Output, exactly and with no pictures, the line that contains "Recepty z této" and every line that comes after it in the data below, the last one included.

>>

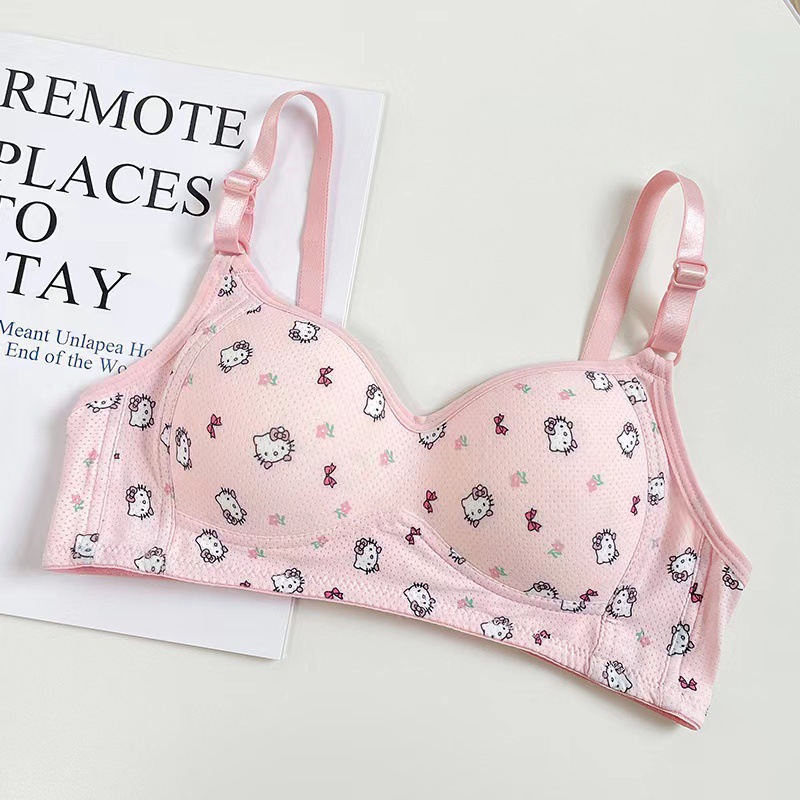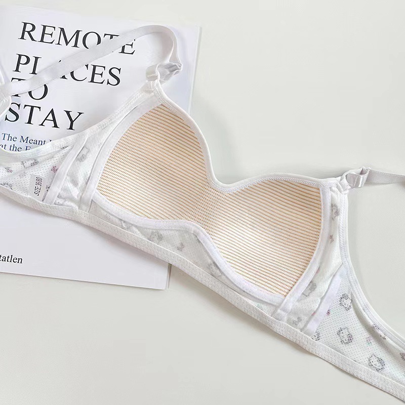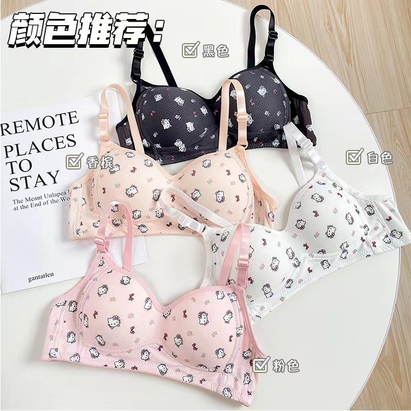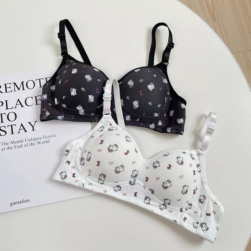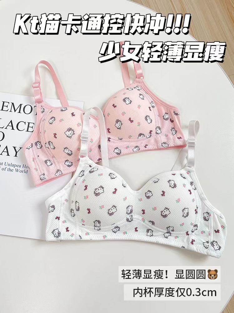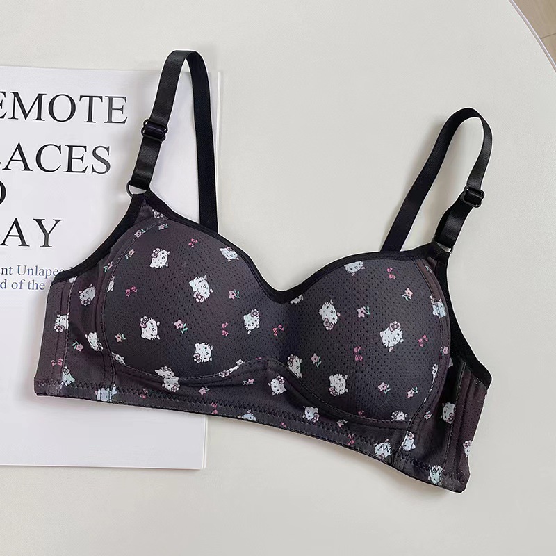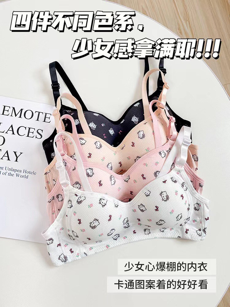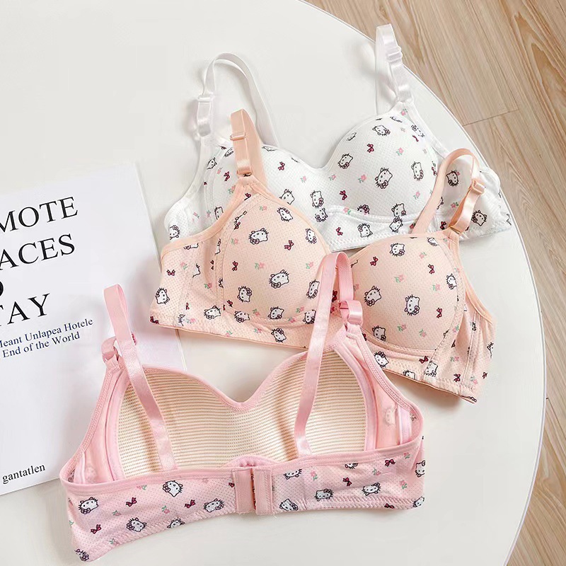 일본식 작은 가슴은 편안한 강철 반지 속옷 소녀 귀여운 만화 고양이 통기성 학생 삼각형 컵 브래지어를 모았습니다.스토어 가기
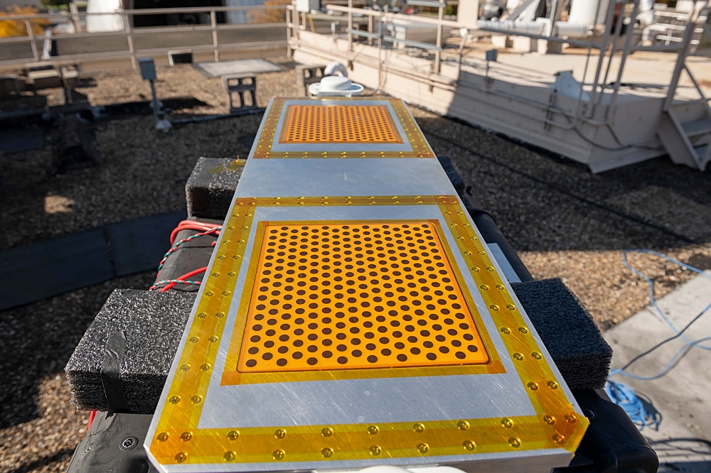 Top Photo: NASA Glenn Research Center’s Sarah Dever and Mick Koch, electrical engineers, command an active phased array antenna to point toward a geostationary satellite. They used a flat version of an aerogel antenna during tests in October 2024. Credit: NASA/Sara Lowthian-Hanna
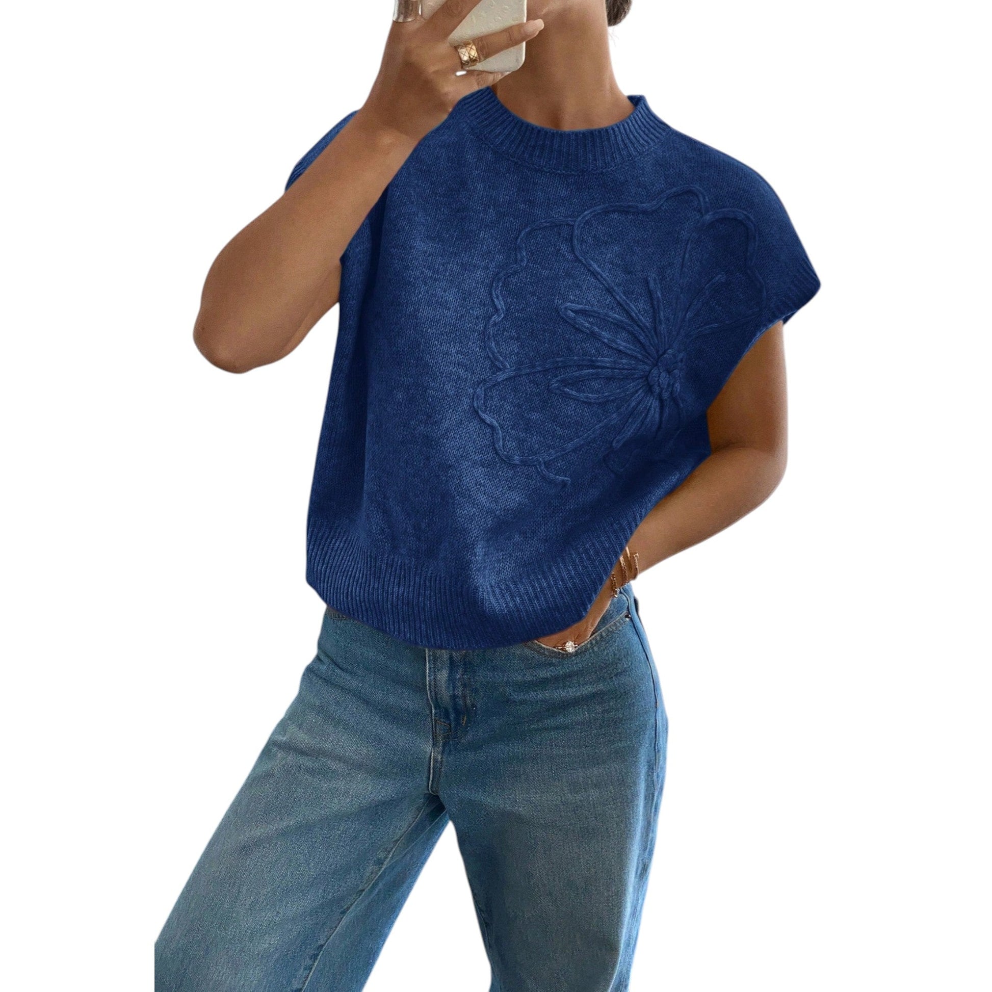 Címke nélküli, kék, kerek nyakú, ujjatlan, elől hímzett virág mintával, kötött.
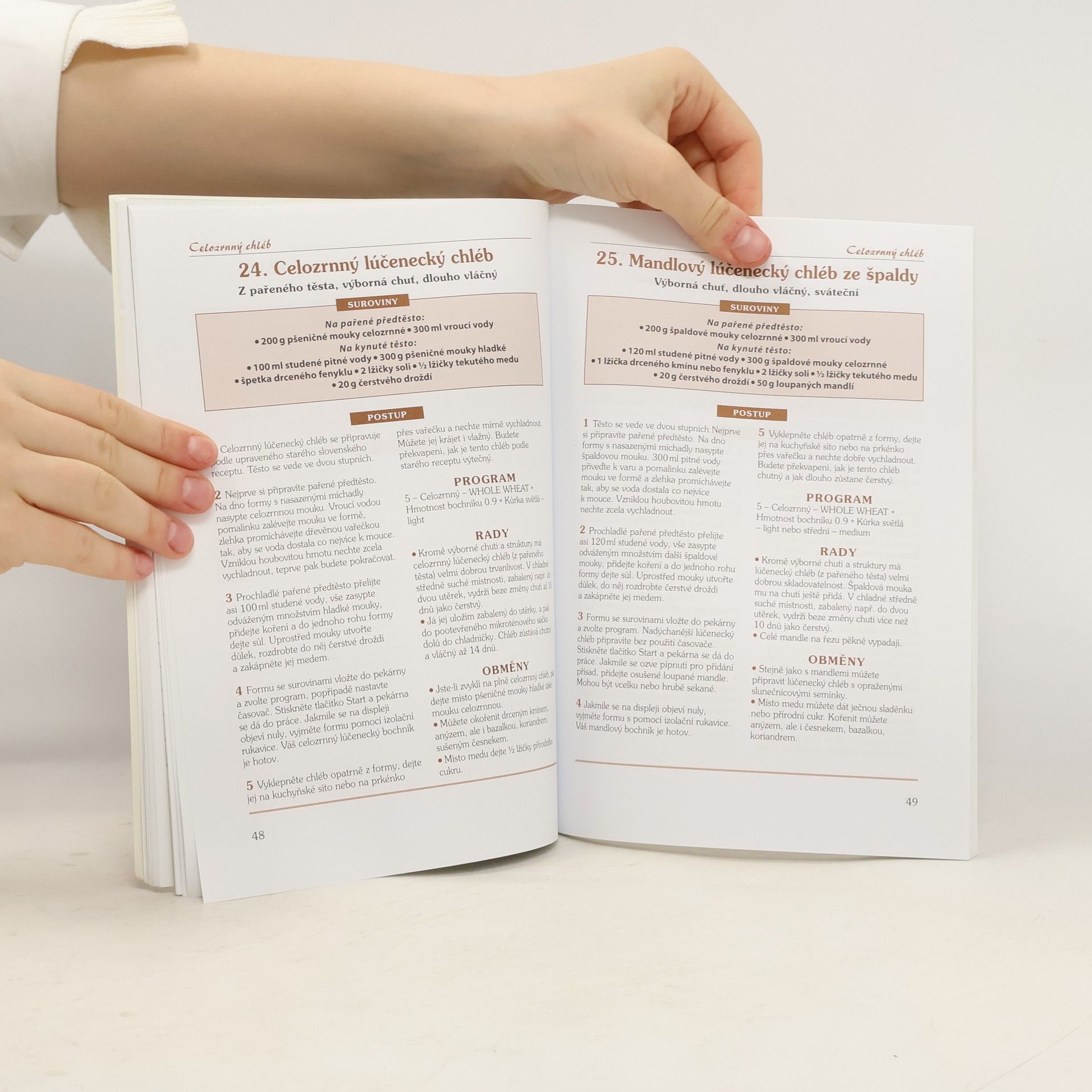 Recepty z této publikace zahrnují chléb z celozrnných mouk (pšenice, žito, sója kukuřice), na chléb z bílé mouky, na chléb kynutý s droždím i kvasem, přípravou domácího kvasu, ale i recepturami na slané a sladké pečivo včetně rohlíků, housek, baget, pizzy, koláčů, vánoček atd. V neposlední řadě zde naleznete P. Momčilovou vyzkoušenou jednoduchou přípravu skvělých džemů a povidel.
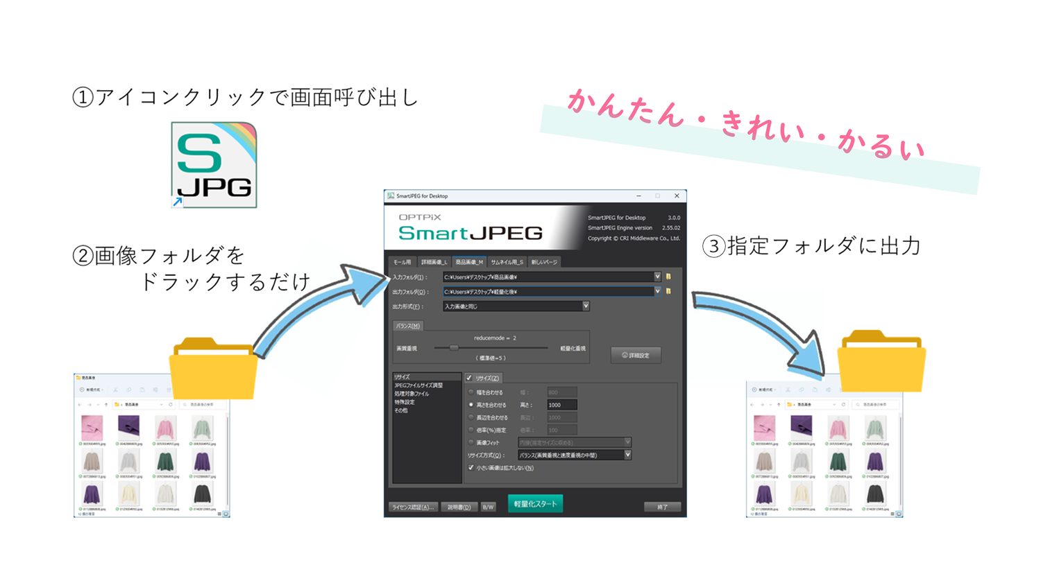 簡単な操作でフォルダ内の画像を一気に軽量化することができるだけでなく、リサイズ・ファイル名修飾・EXIF情報(撮影情報)削除など、ECサイト運用に必要な画像処理も「SmartJPEG for Desktop」で実行可能。4〜5時間かかっていた作業が、導入後には30分程度になったという事例もあり、ECサイト運用の効率化に寄与します。
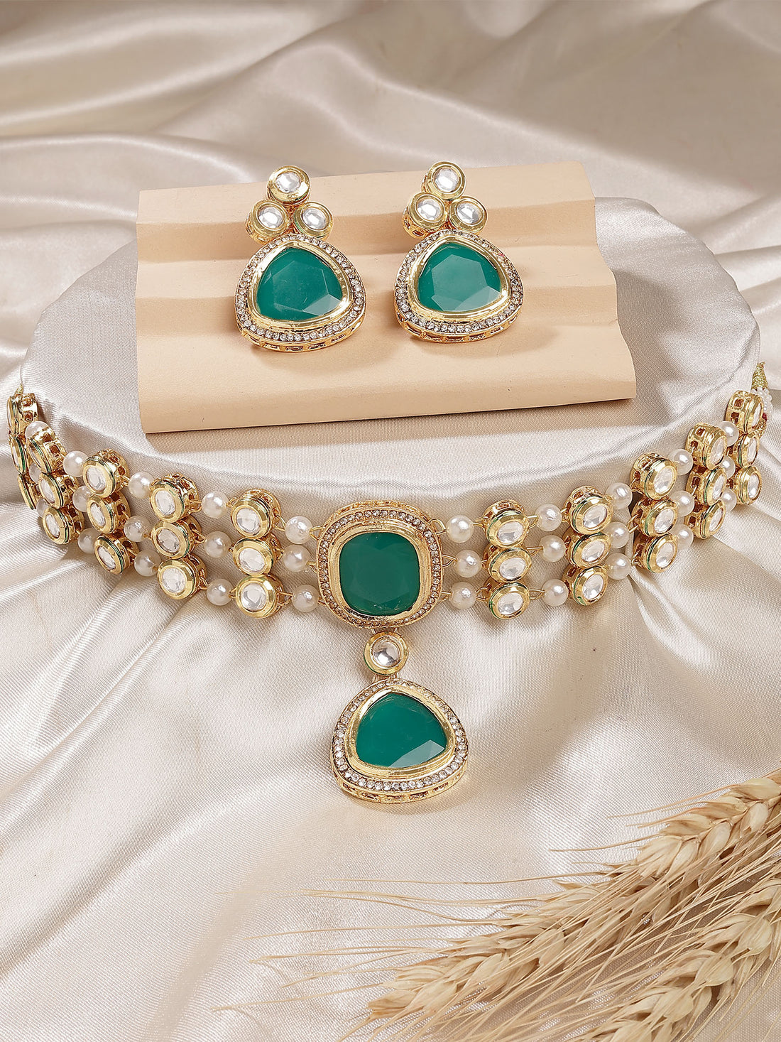Karatcart Green Polki Kundan Choker Necklace Set for Women

<<

■ Exercise result:
 Recepty z této publikace zahrnují chléb z celozrnných mouk (pšenice, žito, sója kukuřice), na chléb z bílé mouky, na chléb kynutý s droždím i kvasem, přípravou domácího kvasu, ale i recepturami na slané a sladké pečivo včetně rohlíků, housek, baget, pizzy, koláčů, vánoček atd. V neposlední řadě zde naleznete P. Momčilovou vyzkoušenou jednoduchou přípravu skvělých džemů a povidel.
 簡単な操作でフォルダ内の画像を一気に軽量化することができるだけでなく、リサイズ・ファイル名修飾・EXIF情報(撮影情報)削除など、ECサイト運用に必要な画像処理も「SmartJPEG for Desktop」で実行可能。4〜5時間かかっていた作業が、導入後には30分程度になったという事例もあり、ECサイト運用の効率化に寄与します。
Karatcart Green Polki Kundan Choker Necklace Set for Women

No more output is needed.